▼

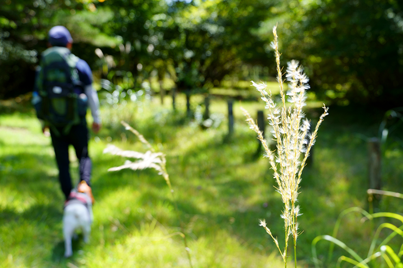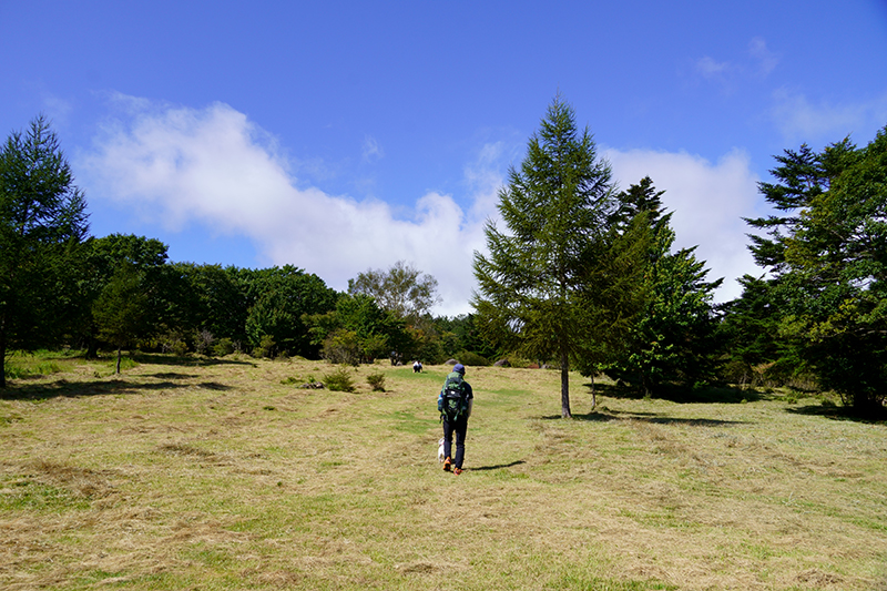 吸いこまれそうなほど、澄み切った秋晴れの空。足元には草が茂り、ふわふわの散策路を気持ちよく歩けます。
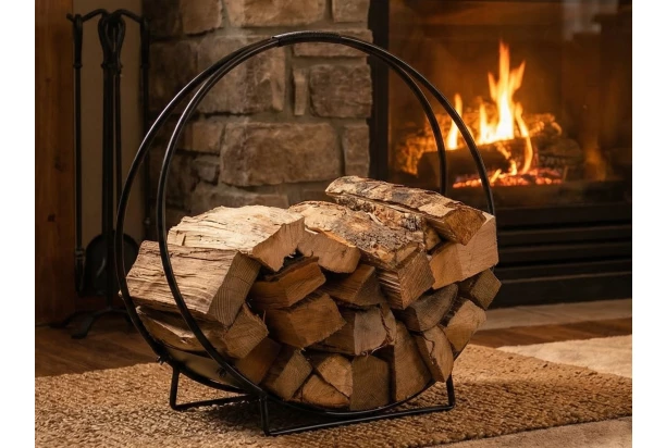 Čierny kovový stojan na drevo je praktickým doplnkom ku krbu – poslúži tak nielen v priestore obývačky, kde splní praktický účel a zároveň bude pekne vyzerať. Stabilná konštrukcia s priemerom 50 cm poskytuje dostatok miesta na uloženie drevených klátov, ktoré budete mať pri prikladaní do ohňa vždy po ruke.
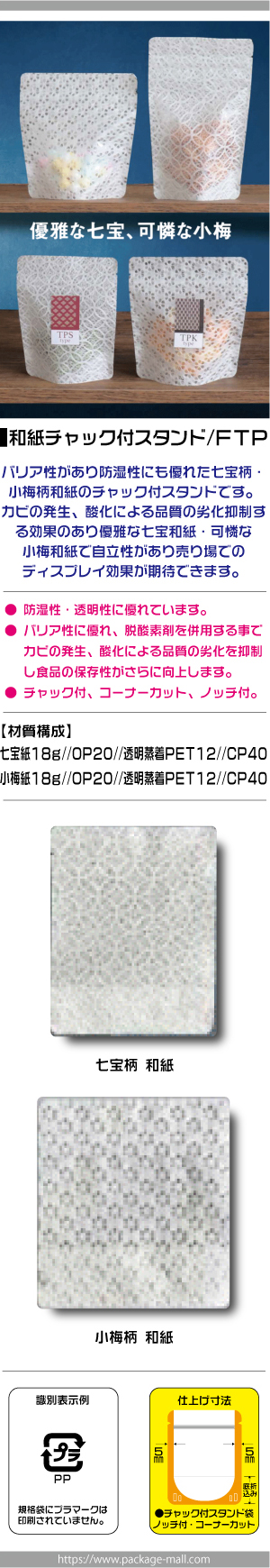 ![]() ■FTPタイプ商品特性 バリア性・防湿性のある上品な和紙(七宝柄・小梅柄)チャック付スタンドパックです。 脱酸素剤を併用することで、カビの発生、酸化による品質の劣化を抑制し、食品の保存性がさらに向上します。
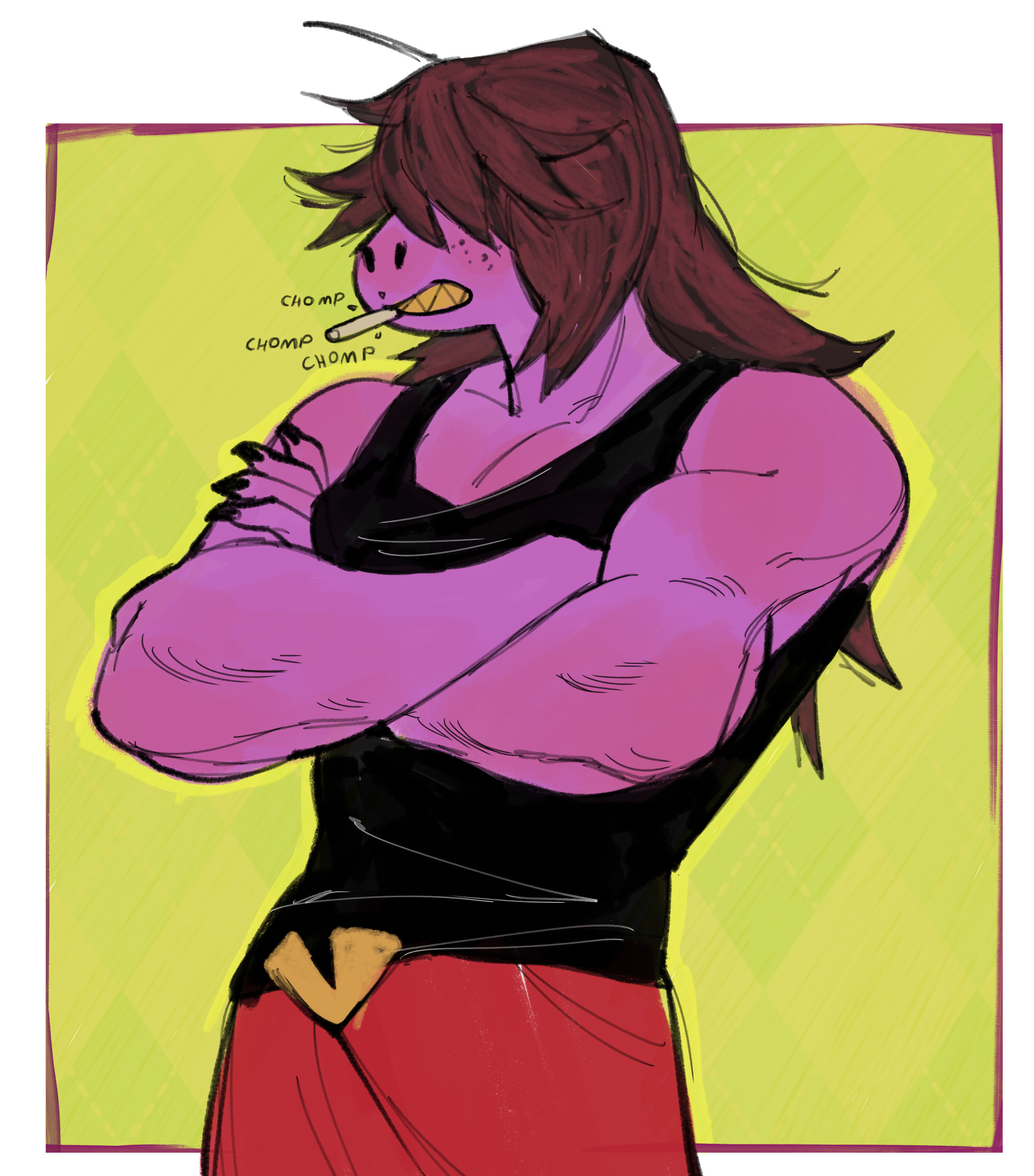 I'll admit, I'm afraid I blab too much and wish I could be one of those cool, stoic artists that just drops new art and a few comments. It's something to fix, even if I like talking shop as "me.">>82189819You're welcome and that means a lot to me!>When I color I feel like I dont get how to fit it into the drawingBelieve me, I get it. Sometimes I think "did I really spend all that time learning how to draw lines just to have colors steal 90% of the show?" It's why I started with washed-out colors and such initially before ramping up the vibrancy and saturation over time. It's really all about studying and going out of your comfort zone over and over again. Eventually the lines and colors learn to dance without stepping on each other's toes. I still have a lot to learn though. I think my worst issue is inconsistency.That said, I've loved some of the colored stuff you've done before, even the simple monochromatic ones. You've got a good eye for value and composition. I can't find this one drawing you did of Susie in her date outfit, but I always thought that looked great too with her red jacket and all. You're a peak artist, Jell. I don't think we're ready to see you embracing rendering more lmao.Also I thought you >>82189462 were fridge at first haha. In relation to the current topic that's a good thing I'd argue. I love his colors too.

▲
▼

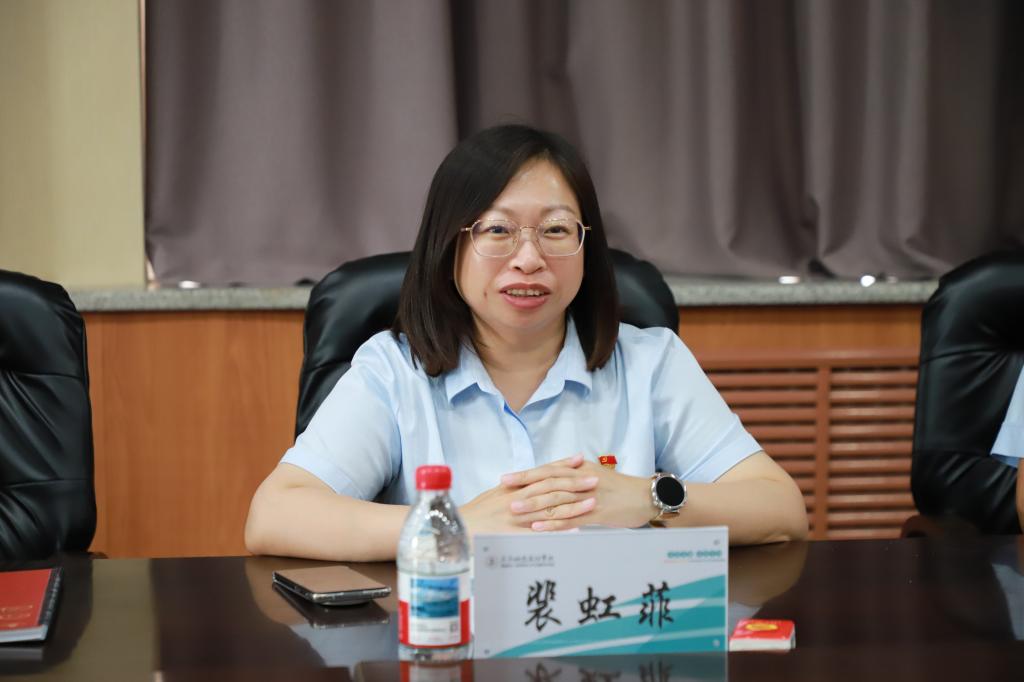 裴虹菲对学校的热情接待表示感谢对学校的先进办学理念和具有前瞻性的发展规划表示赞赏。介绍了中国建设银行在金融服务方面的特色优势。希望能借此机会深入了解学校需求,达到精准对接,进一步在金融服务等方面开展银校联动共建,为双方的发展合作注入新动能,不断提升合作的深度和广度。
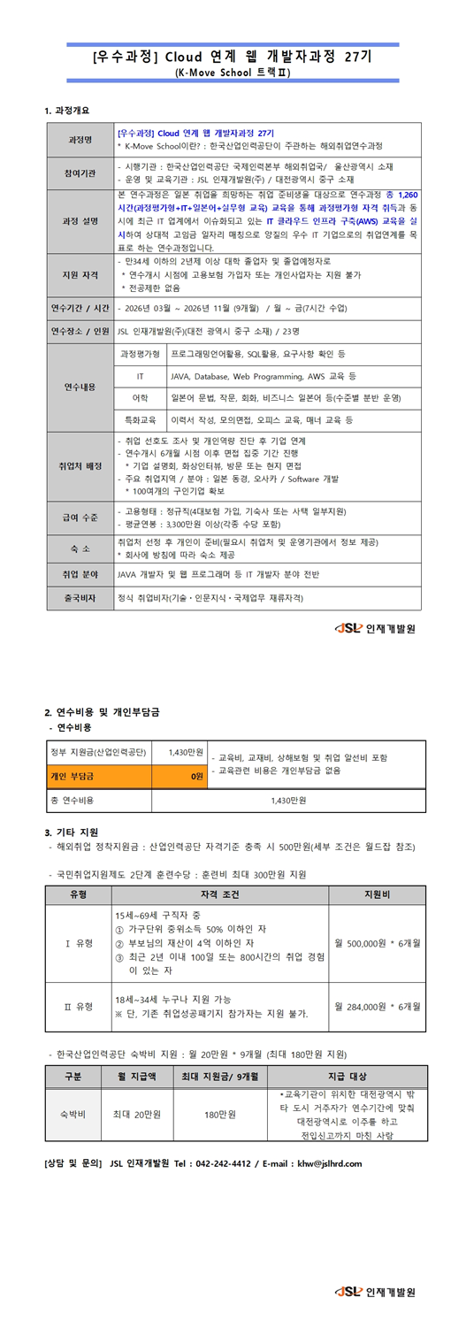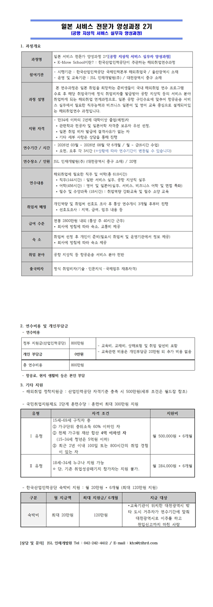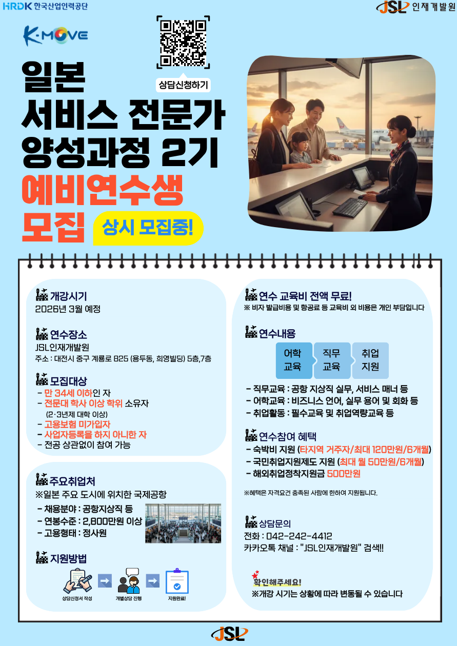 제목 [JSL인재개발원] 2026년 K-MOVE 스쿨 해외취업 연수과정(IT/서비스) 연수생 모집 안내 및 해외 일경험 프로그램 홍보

▲

* **Your task**: Write back the stretch of lines above that begins with the line holding "吸いこまれそうなほど、澄み切" and ends with the line holding "I'll admit, I'm", both included, exactly as written. Pictures stay out.

* **Written solution**:
 吸いこまれそうなほど、澄み切った秋晴れの空。足元には草が茂り、ふわふわの散策路を気持ちよく歩けます。
 Čierny kovový stojan na drevo je praktickým doplnkom ku krbu – poslúži tak nielen v priestore obývačky, kde splní praktický účel a zároveň bude pekne vyzerať. Stabilná konštrukcia s priemerom 50 cm poskytuje dostatok miesta na uloženie drevených klátov, ktoré budete mať pri prikladaní do ohňa vždy po ruke.
 ![]() ■FTPタイプ商品特性 バリア性・防湿性のある上品な和紙(七宝柄・小梅柄)チャック付スタンドパックです。 脱酸素剤を併用することで、カビの発生、酸化による品質の劣化を抑制し、食品の保存性がさらに向上します。
 I'll admit, I'm afraid I blab too much and wish I could be one of those cool, stoic artists that just drops new art and a few comments. It's something to fix, even if I like talking shop as "me.">>82189819You're welcome and that means a lot to me!>When I color I feel like I dont get how to fit it into the drawingBelieve me, I get it. Sometimes I think "did I really spend all that time learning how to draw lines just to have colors steal 90% of the show?" It's why I started with washed-out colors and such initially before ramping up the vibrancy and saturation over time. It's really all about studying and going out of your comfort zone over and over again. Eventually the lines and colors learn to dance without stepping on each other's toes. I still have a lot to learn though. I think my worst issue is inconsistency.That said, I've loved some of the colored stuff you've done before, even the simple monochromatic ones. You've got a good eye for value and composition. I can't find this one drawing you did of Susie in her date outfit, but I always thought that looked great too with her red jacket and all. You're a peak artist, Jell. I don't think we're ready to see you embracing rendering more lmao.Also I thought you >>82189462 were fridge at first haha. In relation to the current topic that's a good thing I'd argue. I love his colors too.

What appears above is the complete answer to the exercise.